*Aim of the exercise*:
Each line below must be transcribed exactly, and no picture may appear in the transcription.

*Data extract*:
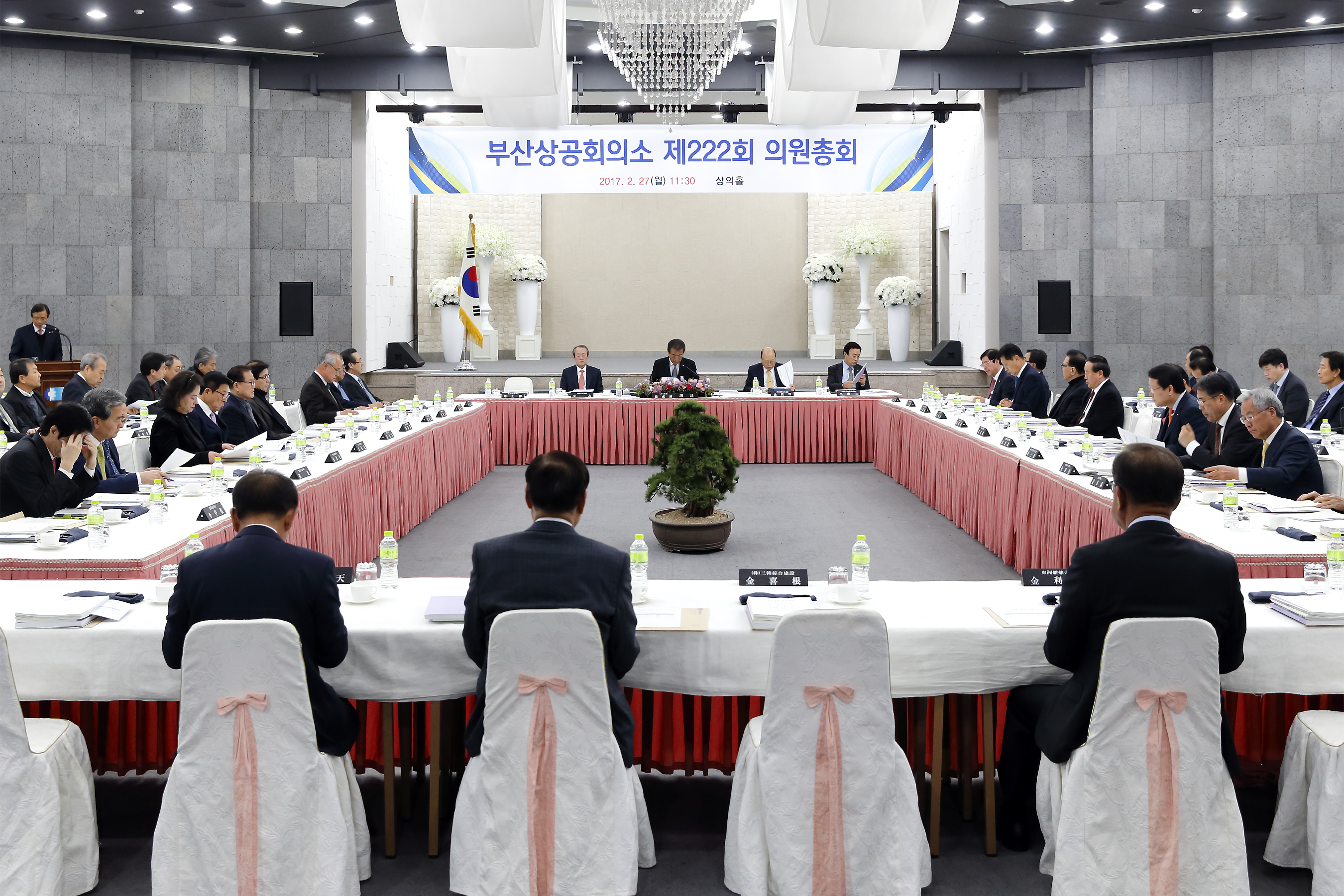 부산상공회의소는 지난 2월 27일(월) 11시 30분 상의홀에서 제222회 의원총회를 개최하고 『2016 회계연도 사업보고 및 결산 승인(안)』,『2016 회계연도 결산수지잔액처분(안)』등의 안건을 처리했다.
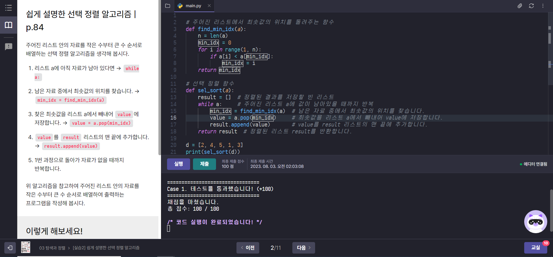 2. 남은 자료 중에서 최솟값의 위치를 찾는다. → min_idx = find_min_idx(a)
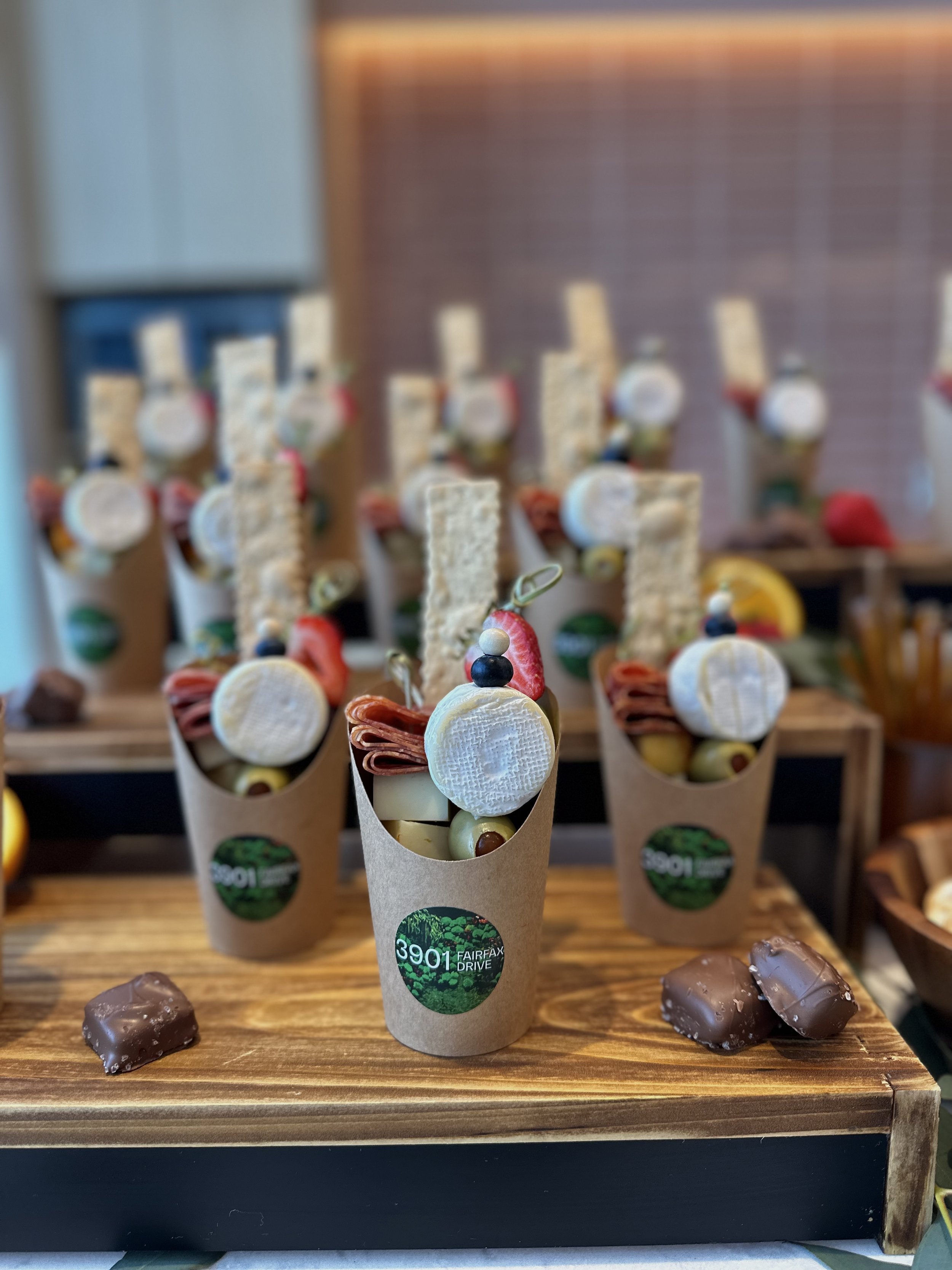 Our single-serve charcuterie cups are the perfect handheld snack for all your guests!

*Written answer*:
 부산상공회의소는 지난 2월 27일(월) 11시 30분 상의홀에서 제222회 의원총회를 개최하고 『2016 회계연도 사업보고 및 결산 승인(안)』,『2016 회계연도 결산수지잔액처분(안)』등의 안건을 처리했다.
 2. 남은 자료 중에서 최솟값의 위치를 찾는다. → min_idx = find_min_idx(a)
 Our single-serve charcuterie cups are the perfect handheld snack for all your guests!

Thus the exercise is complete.